== Description of the task ==
In the records below, find the line holding "Neben der Treppe, die"; copy it and every line after it to the end, omitting all images.

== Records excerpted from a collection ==
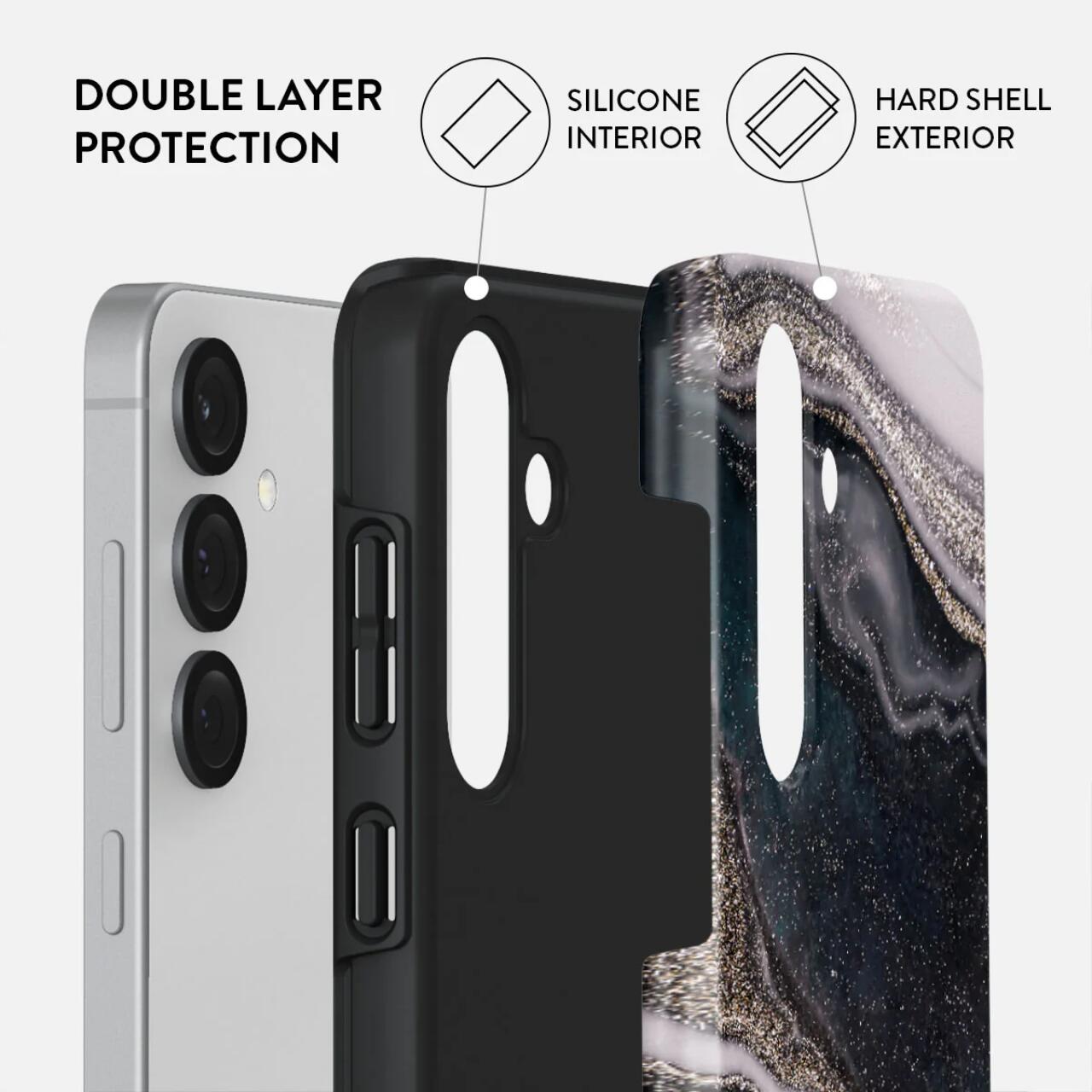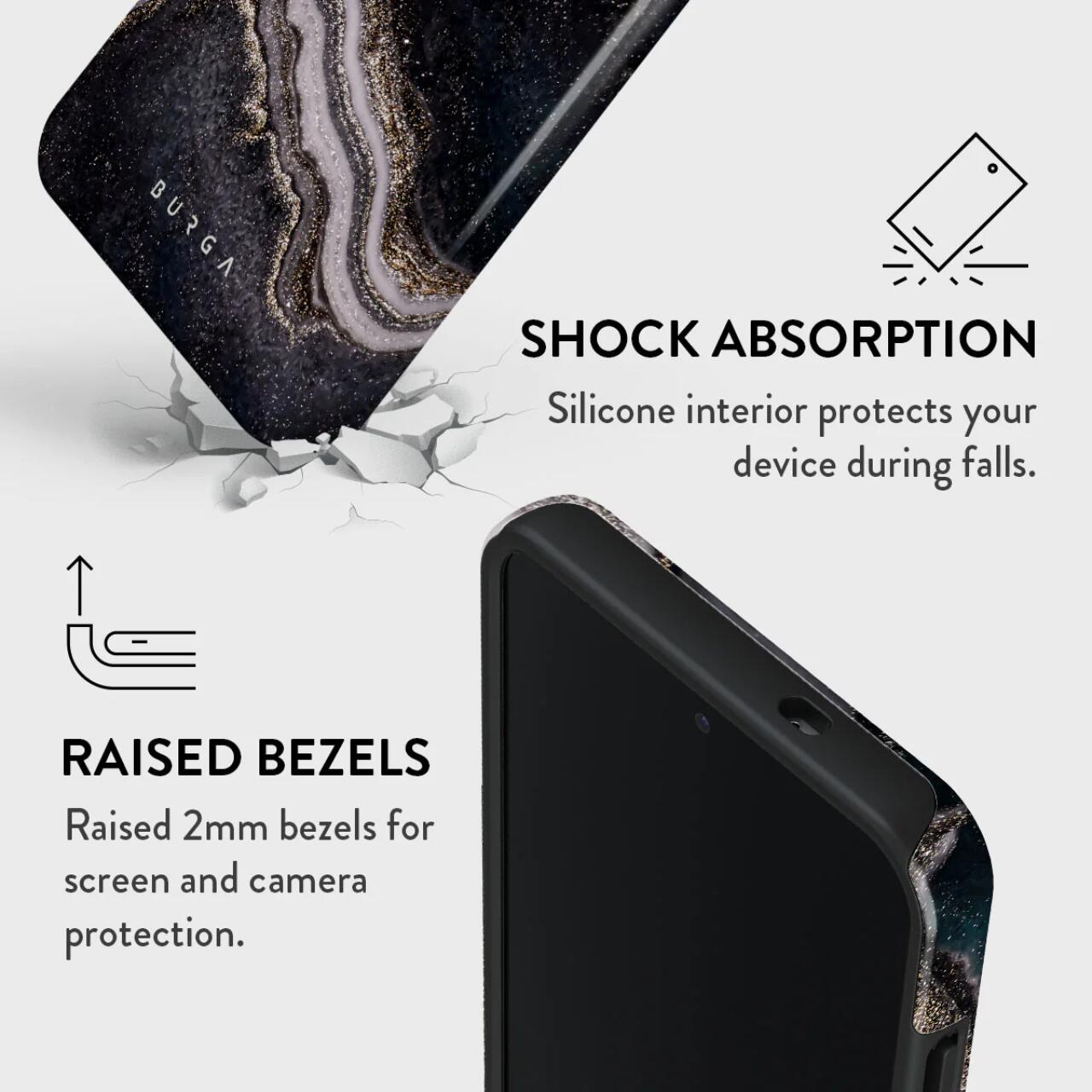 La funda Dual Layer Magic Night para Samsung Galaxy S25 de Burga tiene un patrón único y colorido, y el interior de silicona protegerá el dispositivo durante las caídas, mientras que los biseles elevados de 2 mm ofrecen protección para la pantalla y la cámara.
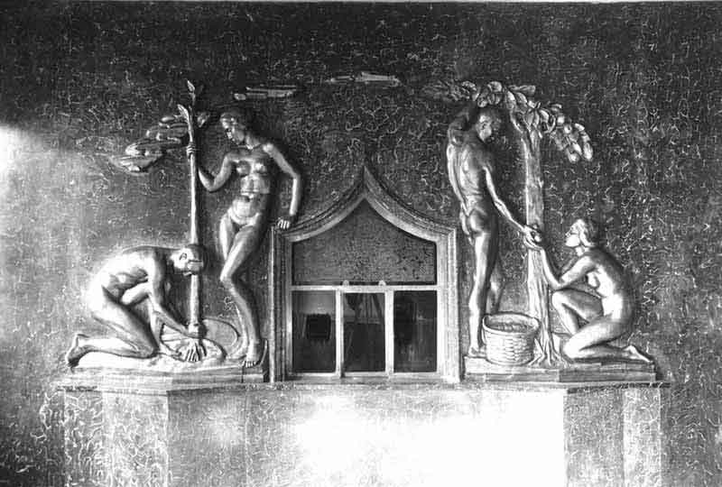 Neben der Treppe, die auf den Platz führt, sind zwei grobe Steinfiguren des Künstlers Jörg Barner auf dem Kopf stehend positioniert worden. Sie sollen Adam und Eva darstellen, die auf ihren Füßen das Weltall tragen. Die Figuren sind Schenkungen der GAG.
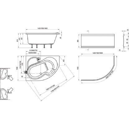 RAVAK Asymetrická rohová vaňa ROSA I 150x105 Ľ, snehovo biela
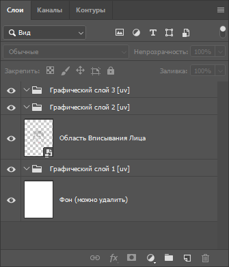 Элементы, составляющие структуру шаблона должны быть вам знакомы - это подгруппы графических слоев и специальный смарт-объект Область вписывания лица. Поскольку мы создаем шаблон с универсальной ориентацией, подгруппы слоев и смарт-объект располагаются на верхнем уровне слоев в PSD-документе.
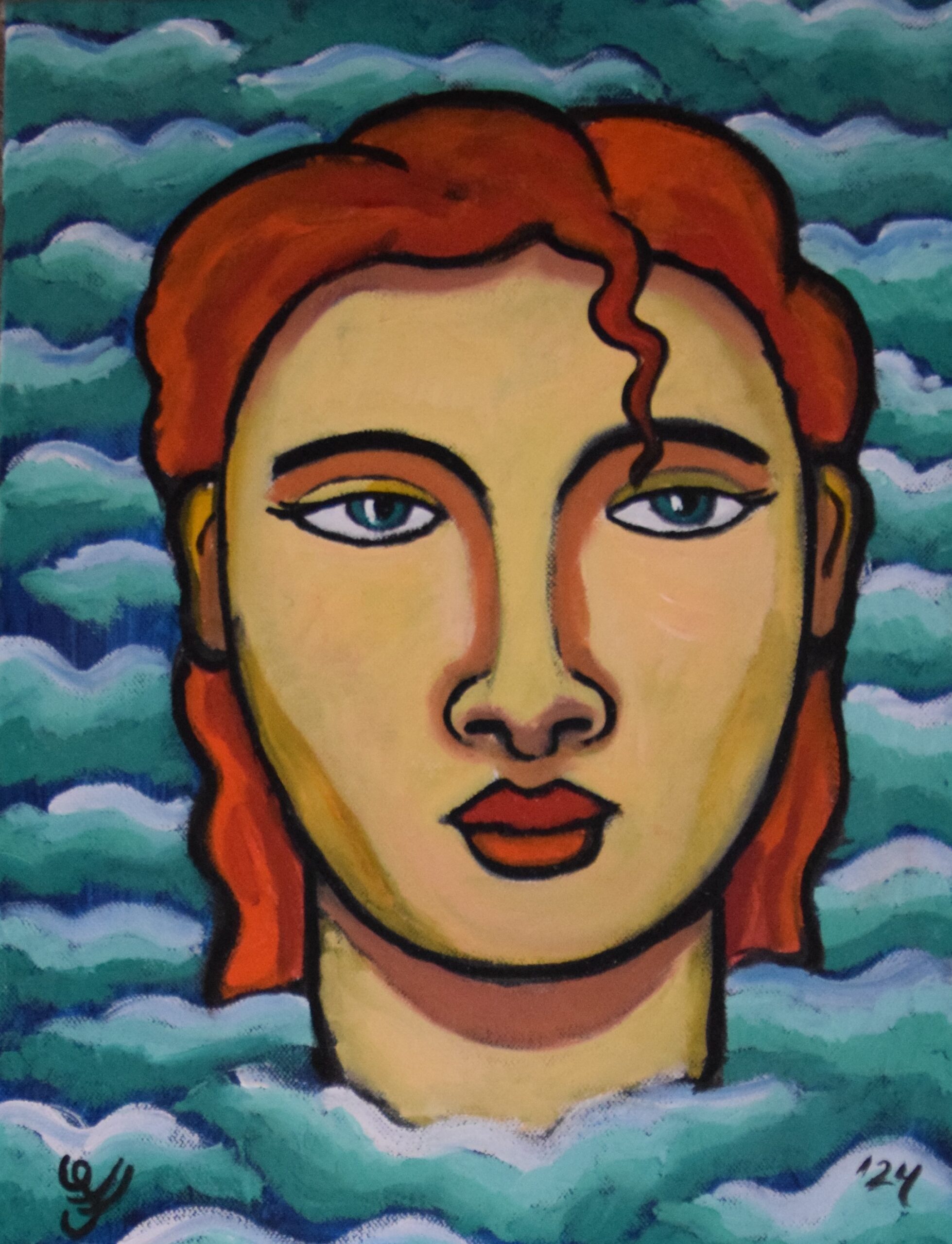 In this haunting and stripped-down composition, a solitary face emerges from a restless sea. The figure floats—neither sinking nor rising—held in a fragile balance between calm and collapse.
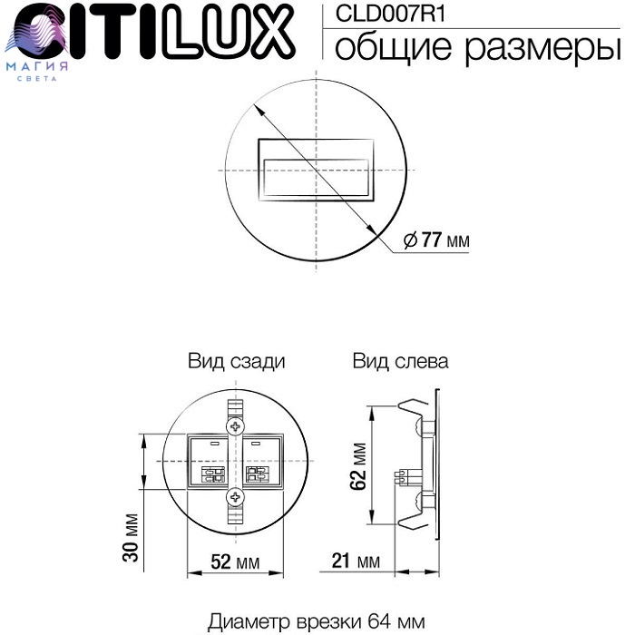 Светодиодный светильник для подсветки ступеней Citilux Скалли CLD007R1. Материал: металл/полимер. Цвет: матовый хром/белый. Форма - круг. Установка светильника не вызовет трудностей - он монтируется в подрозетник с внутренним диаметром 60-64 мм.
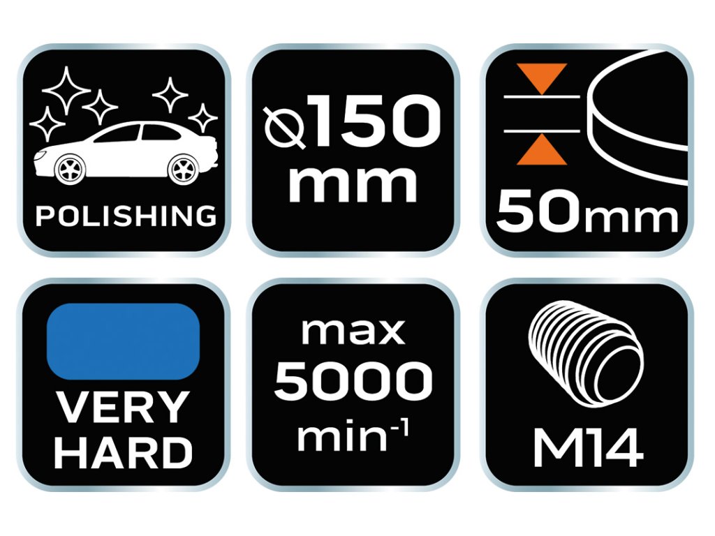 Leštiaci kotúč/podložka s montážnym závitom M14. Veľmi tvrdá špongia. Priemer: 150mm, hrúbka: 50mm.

== Solved problem ==
 Neben der Treppe, die auf den Platz führt, sind zwei grobe Steinfiguren des Künstlers Jörg Barner auf dem Kopf stehend positioniert worden. Sie sollen Adam und Eva darstellen, die auf ihren Füßen das Weltall tragen. Die Figuren sind Schenkungen der GAG.
 RAVAK Asymetrická rohová vaňa ROSA I 150x105 Ľ, snehovo biela
 Элементы, составляющие структуру шаблона должны быть вам знакомы - это подгруппы графических слоев и специальный смарт-объект Область вписывания лица. Поскольку мы создаем шаблон с универсальной ориентацией, подгруппы слоев и смарт-объект располагаются на верхнем уровне слоев в PSD-документе.
 In this haunting and stripped-down composition, a solitary face emerges from a restless sea. The figure floats—neither sinking nor rising—held in a fragile balance between calm and collapse.
 Светодиодный светильник для подсветки ступеней Citilux Скалли CLD007R1. Материал: металл/полимер. Цвет: матовый хром/белый. Форма - круг. Установка светильника не вызовет трудностей - он монтируется в подрозетник с внутренним диаметром 60-64 мм.
 Leštiaci kotúč/podložka s montážnym závitom M14. Veľmi tvrdá špongia. Priemer: 150mm, hrúbka: 50mm.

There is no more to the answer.